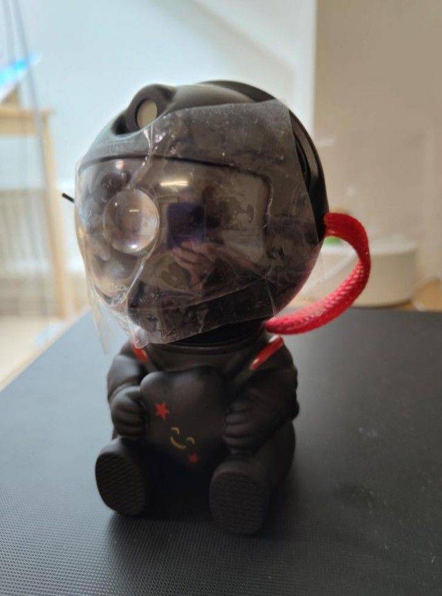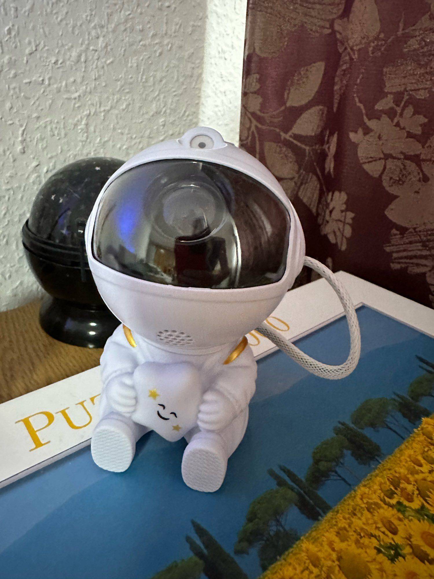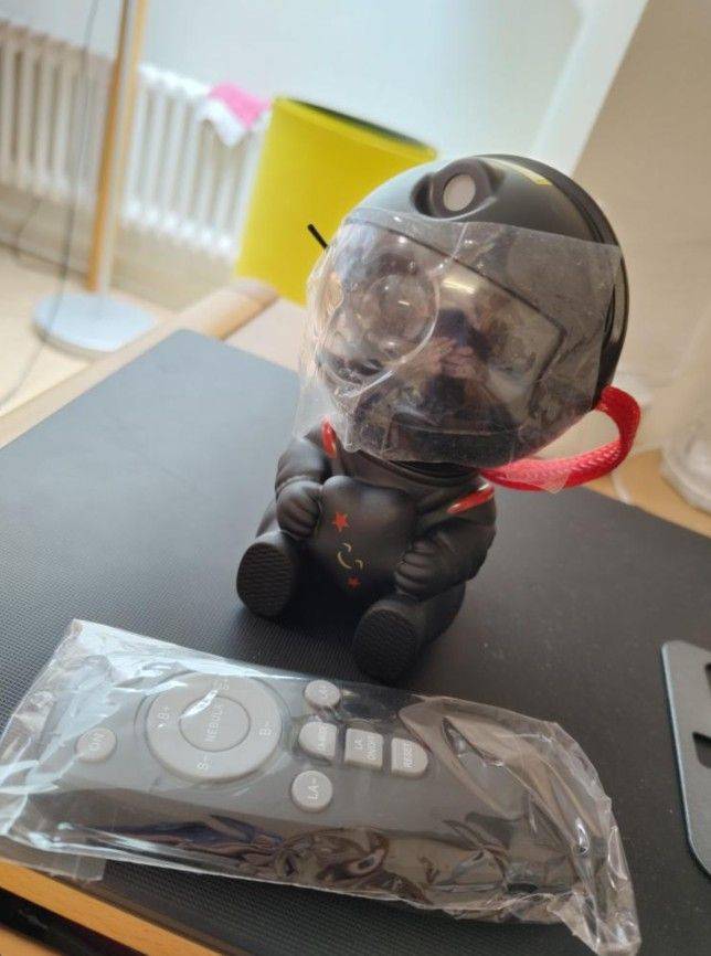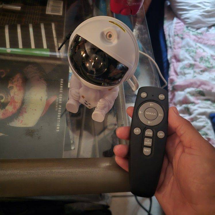 Very cool projector, the package was not damaged, the package includes: Projector, remote, C-tab cord. The project itself also has 3 control buttons. Can adjust the shades, brightness level, the astronaut head itself is movable and can set as you like! The children liked it very much
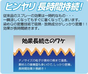 でしっかり熱を吸着し、長時間清涼感を体感出来るという優れものなんです! 真夏のライディング時、ウエアー、下着、バンダナ等の小物に吹きつけ
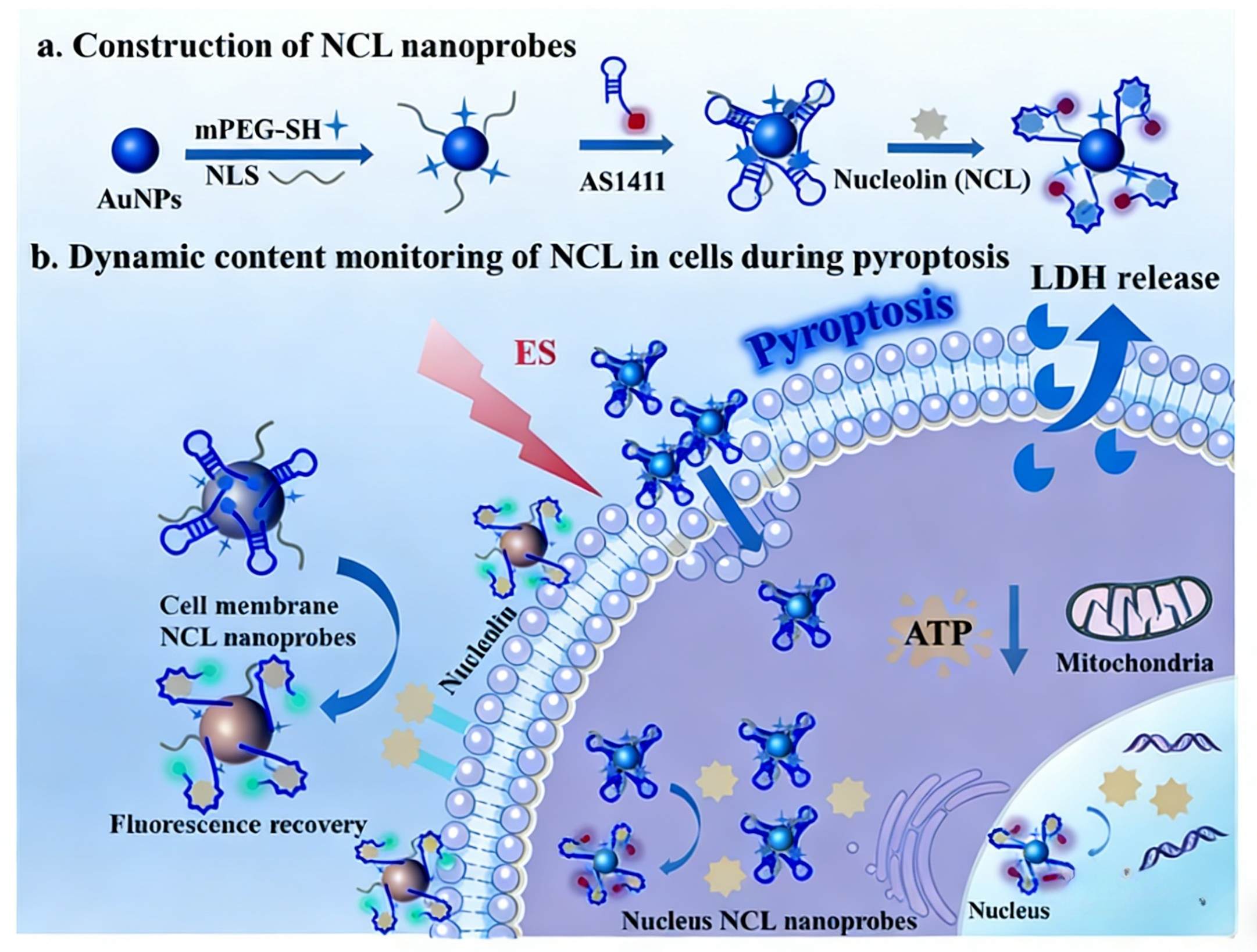 核仁素(Nucleolin,NCL)是一种多功能核蛋白,其在细胞核仁、细胞质及细胞膜上均有分布,并参与调控rRNA合成、细胞周期进程、细胞增殖与凋亡等关键生物学过程。在多种肿瘤细胞中,核仁素呈现显著过表达,并常易位至细胞膜表面,成为肿瘤特异性诊断和靶向治疗的重要潜在标志物。然而,传统的核仁素检测方法(如免疫印迹、免疫荧光染色)通常依赖细胞裂解或固定,难以实现活细胞内核仁素的原位、实时、动态监测。因此,开发一种能够在单细胞水平上对核仁素进行高灵敏度、高特异性、亚细胞定位动态追踪的活细胞成像工具,对于理解其在生理病理过程中的功能、以及推动基于核仁素的精准诊疗策略至关重要。
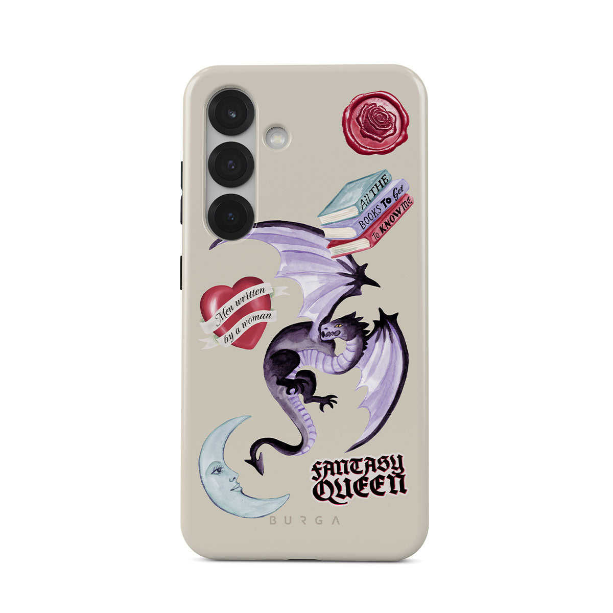 Główne elementy projektu: fioletowego smoka, naklejkę „Fantasy Queen”, półksiężyc, fioletową pieczęć woskową, serce z wiadomością, książki.
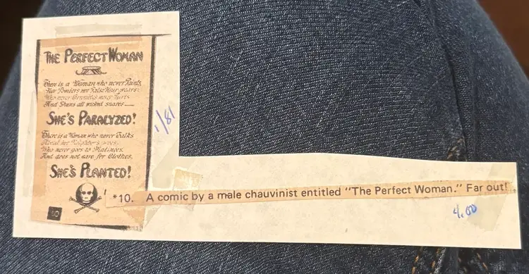 This listing is for one antique postcard featuring outdated humor regarding what makes the perfect woman. The imagery on the front features skull and bones. The back is postmarked for 1910 and includes the original stamp and writing. This postcard is in good antique condition with light discoloration and small corner chips as seen in photos. This listing also includes a newspaper clipping from 1981 about this antique postcard. Will ship in top loader for protection.
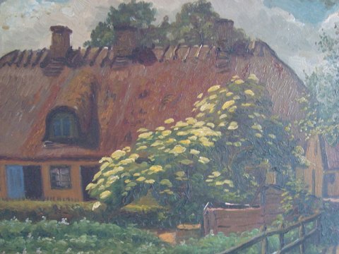 Landskab med gammelt hus 1919.
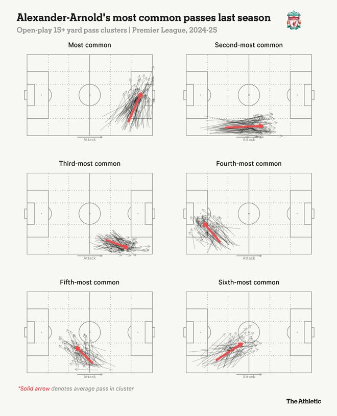 下圖突顯瞭阿諾德上賽季最頻繁的長傳(超過15碼),展示瞭那些快速傳中對(duì)禁區(qū)內(nèi)的威脅。
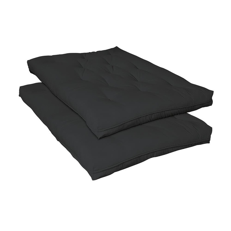 Expertly crafted from high quality materials, this premium futon pad promotes cozy comfort and restful relaxation. Two five-inch foam pads are enhanced by five layers of cotton blend batting for a luxuriously comfortable feel. With twice the longevity of regular polyurethane foam, its dense fiber adds extra durability. Quality inner springs are constructed using hardened steel, providing firm and comfortable support. Available in multiple colors to match with any room, this appealing futon is perfect for lounging in style. Includes: One (1) futon pad
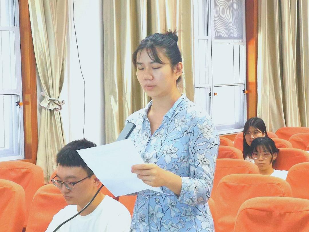 会议开始,全体起立奏唱国歌。第二届院研会主席团成员郭晓奕、姚依然、赵泽民、秘书长蔡霞清依次就个人政治态度、道德品行、学习情况、工作成效作述职汇报,并表达了对院研会的祝愿。随后,组织实践部、综合事务部、学术交流部、文体活动部、新闻宣传部五个部门负责人依次展开述职,总结部门的工作成果,反思工作中存在的不足,提出新学年研会发展的宝贵建议。另外,各部门工作人员对一学年的工作进行简要总结。本次述职评议会总结了本学年工作的经验与不足,为下一阶段工作的开展提供了方向和思路。
════════════════════
Find the line containing "This listing is" and copy it and each line after it through the end of the material, exactly, with no pictures.

 This listing is for one antique postcard featuring outdated humor regarding what makes the perfect woman. The imagery on the front features skull and bones. The back is postmarked for 1910 and includes the original stamp and writing. This postcard is in good antique condition with light discoloration and small corner chips as seen in photos. This listing also includes a newspaper clipping from 1981 about this antique postcard. Will ship in top loader for protection.
 Landskab med gammelt hus 1919.
 下圖突顯瞭阿諾德上賽季最頻繁的長傳(超過15碼),展示瞭那些快速傳中對(duì)禁區(qū)內(nèi)的威脅。
 Expertly crafted from high quality materials, this premium futon pad promotes cozy comfort and restful relaxation. Two five-inch foam pads are enhanced by five layers of cotton blend batting for a luxuriously comfortable feel. With twice the longevity of regular polyurethane foam, its dense fiber adds extra durability. Quality inner springs are constructed using hardened steel, providing firm and comfortable support. Available in multiple colors to match with any room, this appealing futon is perfect for lounging in style. Includes: One (1) futon pad
 会议开始,全体起立奏唱国歌。第二届院研会主席团成员郭晓奕、姚依然、赵泽民、秘书长蔡霞清依次就个人政治态度、道德品行、学习情况、工作成效作述职汇报,并表达了对院研会的祝愿。随后,组织实践部、综合事务部、学术交流部、文体活动部、新闻宣传部五个部门负责人依次展开述职,总结部门的工作成果,反思工作中存在的不足,提出新学年研会发展的宝贵建议。另外,各部门工作人员对一学年的工作进行简要总结。本次述职评议会总结了本学年工作的经验与不足,为下一阶段工作的开展提供了方向和思路。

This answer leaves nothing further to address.